Our approach to systems biology also relies on LLNL’s exceptional computing facilities and our in-house informatics and modeling expertise:
- To accurately predict metabolic phenomena under variable environmental conditions, we developed the GX-FBA modeling methodology, which uses gene-expression and proteomic data to constrain FBA models (Navid et al., 2012).
- We are also working to advance the frontiers of modeling multi-cellular systems; to examine the tradeoffs among the competing objectives of the microbial community members, we have developed genome-scale multi-objective flux analysis (MOFA) models.
- We simulate the behavior of multi-cellular systems using dynamic FBA (DFBA) and are developing new DFBA-based tools that further the capabilities of DFBA modeling.
- While constraint-based methods can be used to simulate metabolism within individual organisms or interactions between multiple cells, they do not scale to natural complexity. Therefore, we are using trait-based models (TBM) as an intermediate approach that preserves key mechanistic properties that determine fitness in dynamic systems. We primarily represent growth and metabolism of organisms in the form of “Quota” models or a trait based dynamic energy budget (TB-DEB) model.
Highlights of our approach
Isotopic tracing approaches are most powerful when paired with integrated ‘omics techniques, (such as next-generation sequencing, proteomics and metabolomics) to link dynamics and fluxes to gene and organism function. Some examples of combined methods that illustrate our approach are listed below:
- Identifying hydrogen producers and consumers in microbial mat communities using time-resolved metatranscriptome analysis and 13C isotope probing with NanoSIP and FISH-SIMS to determine key microbial interactions involved in nighttime flux of fermentation byproducts (Burow et al., 2013, Lee et al., 2014)
- Identifying dominant N-fixers in photosynthetic microbial mat communities using functional gene libraries (nifH) and 16S rRNA diversity, 15N2 isotope probing with NanoSIP and FISH-SIMS (Woebken et al., 2012, Woebken et al., 2015)

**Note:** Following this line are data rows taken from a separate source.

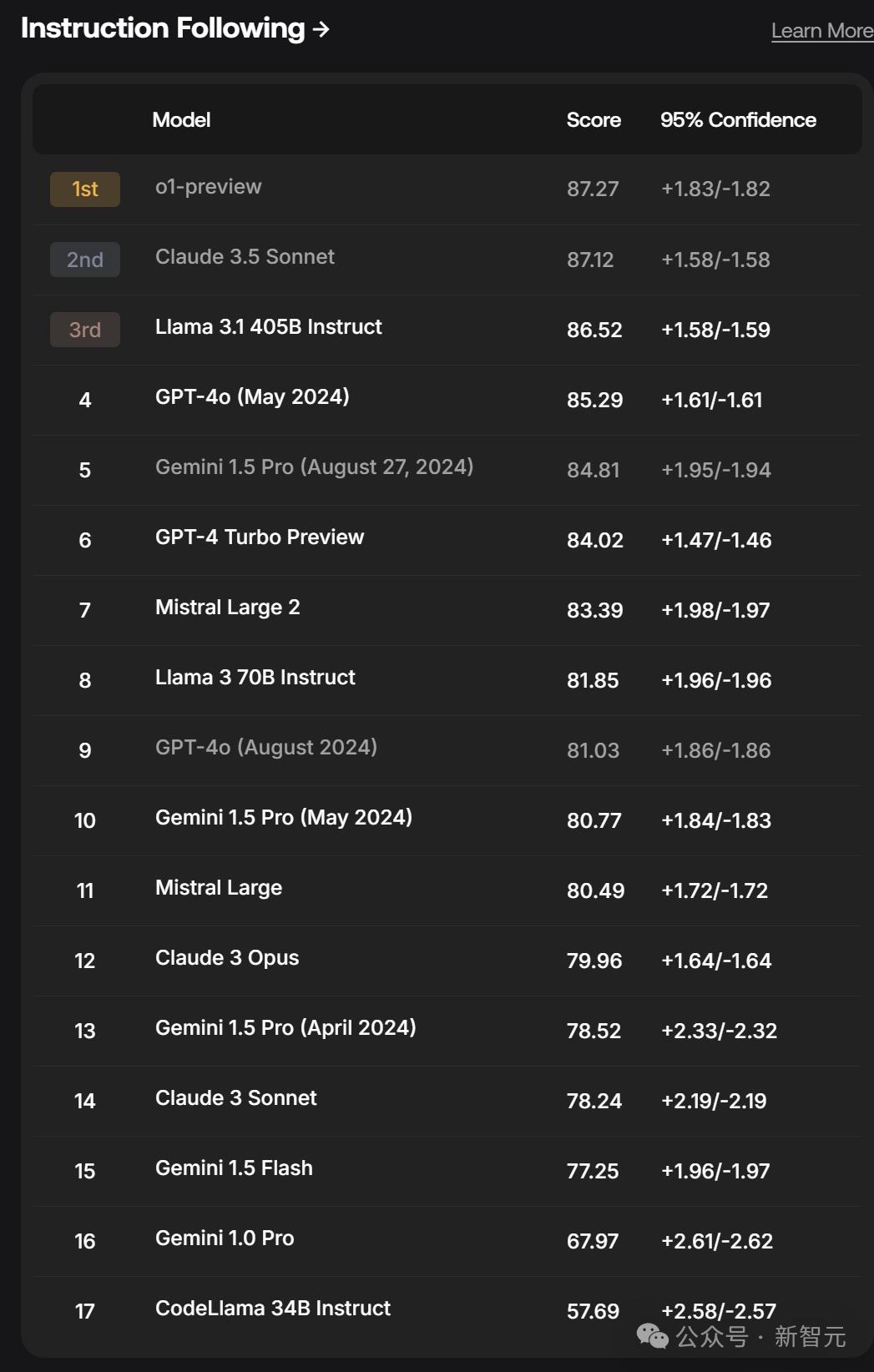 在对精确指令跟随能力的评估中,o1-preview以87.27 分的成绩领先,超越了知名Claude 3.5 Sonnet和Llama 3.1 405B Instruct。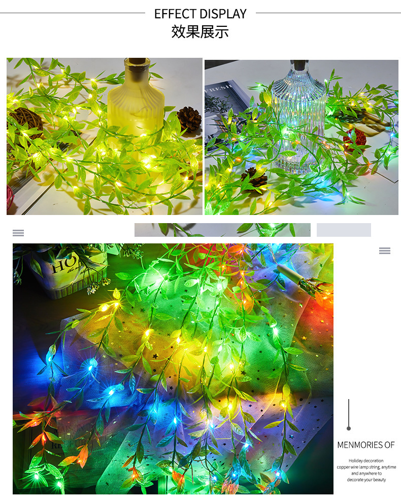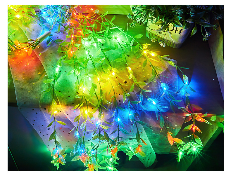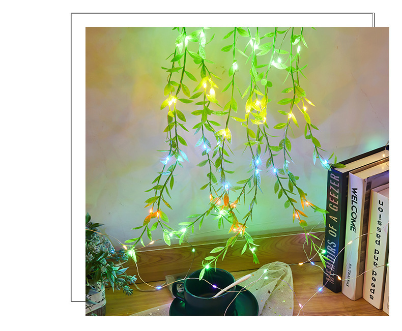 국경 간 새로운 led 태양 갈대 잎 빛 구리 와이어 문자열 빛 침실 장식 휴일 분위기 빛 커튼 빛스토어 가기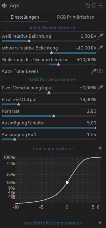 Wenn Darktable im szenenbezogenen Arbeitsablauf (scene-referred workflow) läuft, werden Standardwerte angewendet. Andernfalls wählen Sie manuell die Voreinstellung blender-like|base oder smooth|base.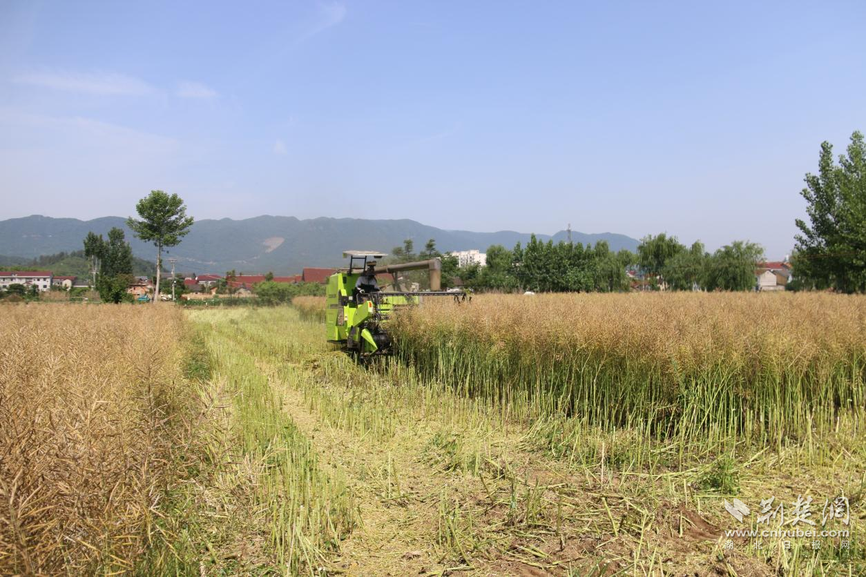 走进洋坪镇洋坪村,田野里一片金黄,饱满的油菜荚缀满枝头。伴随着马达声,油菜籽收割机在田间来回穿梭,一排排油菜杆被卷起,收割、脱粒等工序一并完成。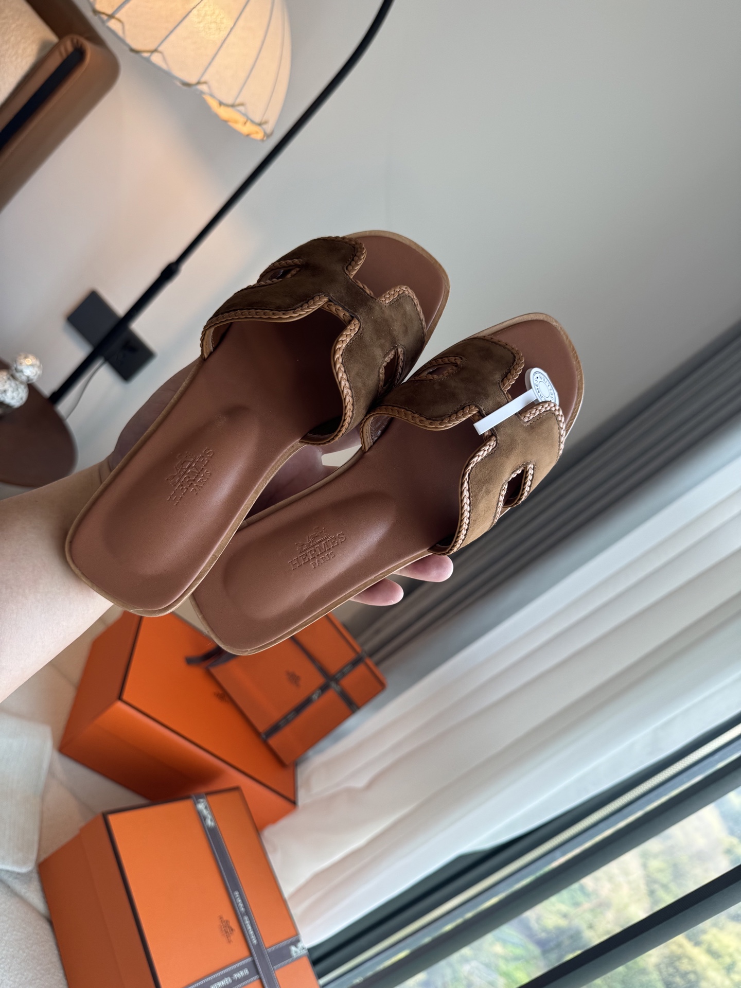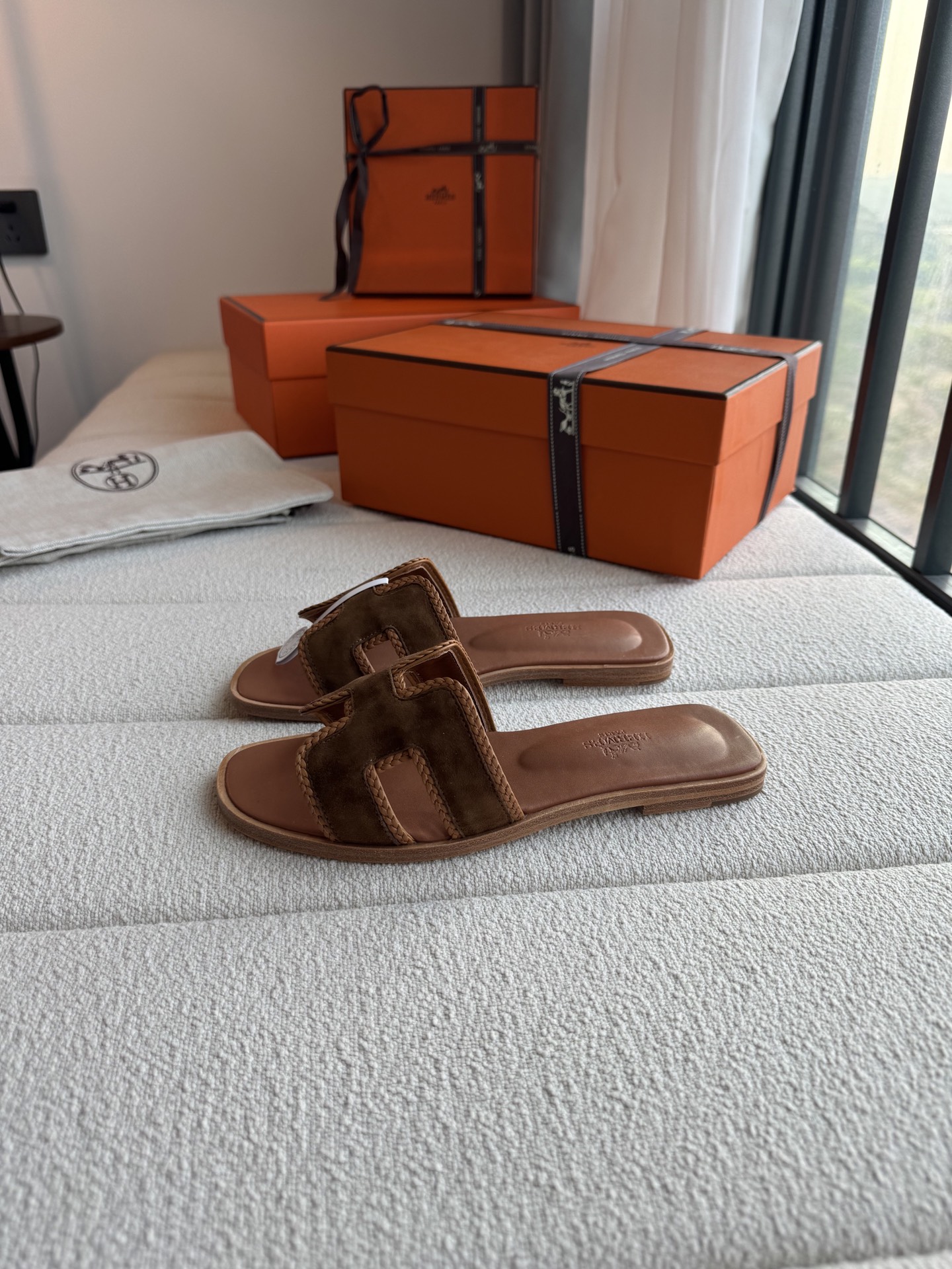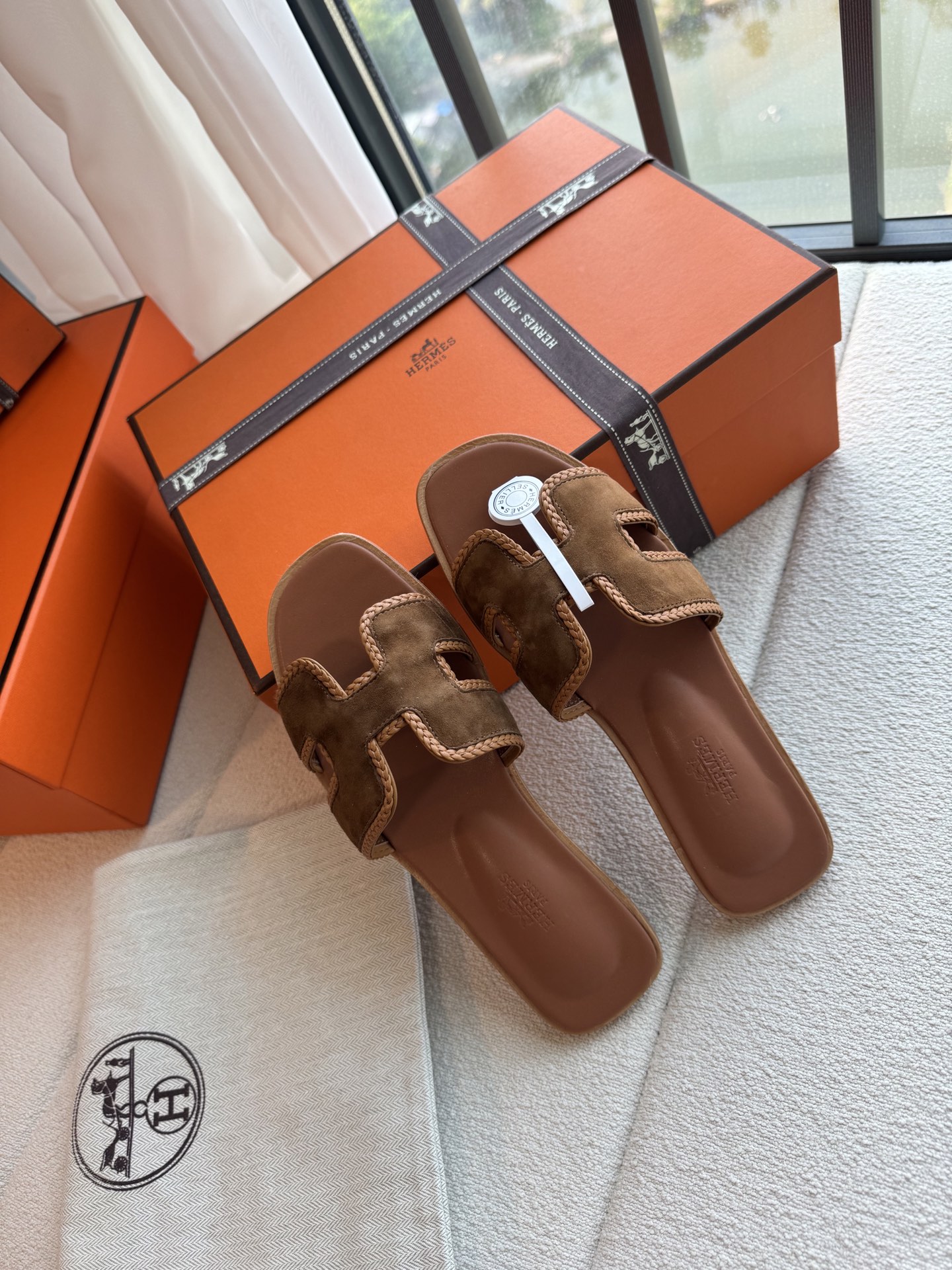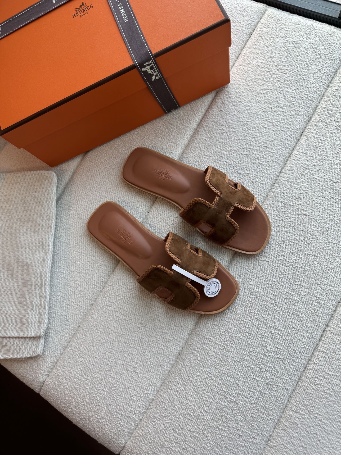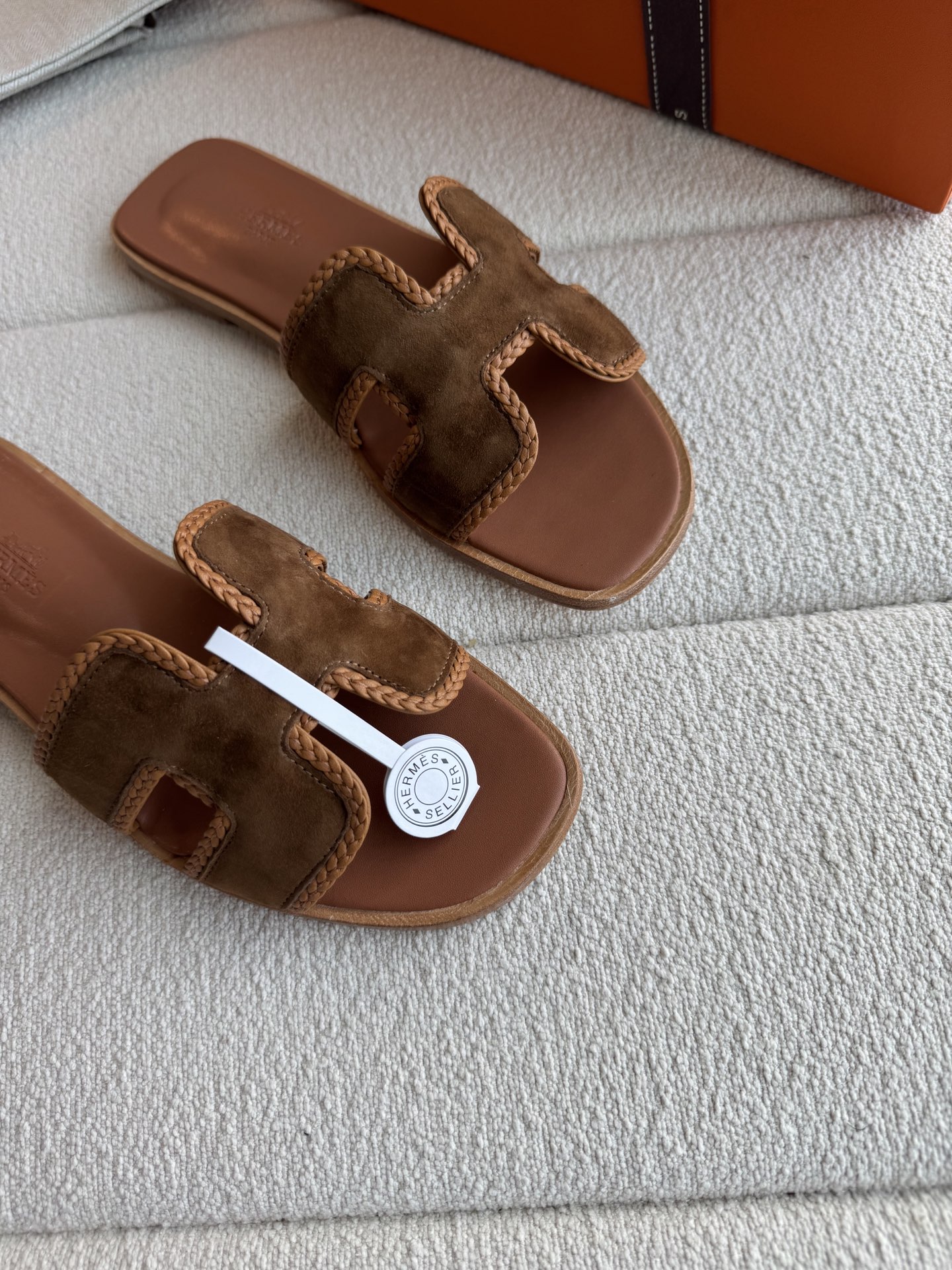 편직 H면 클래식 가죽 샌들

- Determining fate and function of cyanobacterial exopolymers in photosynthetic mats and biofilms combining NanoSIP and exoproteomics (Stuart et al., 2015, Stuart et al., 2016)
- Characterizing gut compartmentalization of the wood-feeding beetle Odontotaenius disjunctus (Ceja-Navarro et al., 2014)
- Examining C and N exchange between cellulolytic protists and bacterial ectosymbionts in the lower termite gut, combining 15N2 isotope probing and NanoSIP with single cell bacterial genome analyses (Tai et al., 2016)
- Visualization of dynamic trace metal homeostasis in Chlamydomonas reinhardtii comparing wild type and mutant strains (Hong-Hermesdorf et al., 2014)
Our current work involves applying our demonstrated community systems biology approach to phycosphere and rhizosphere systems in order to determine how specific taxonomic combinations and interactions affect energy and nutrient cycling pathways and are shaped by various environmental stressors.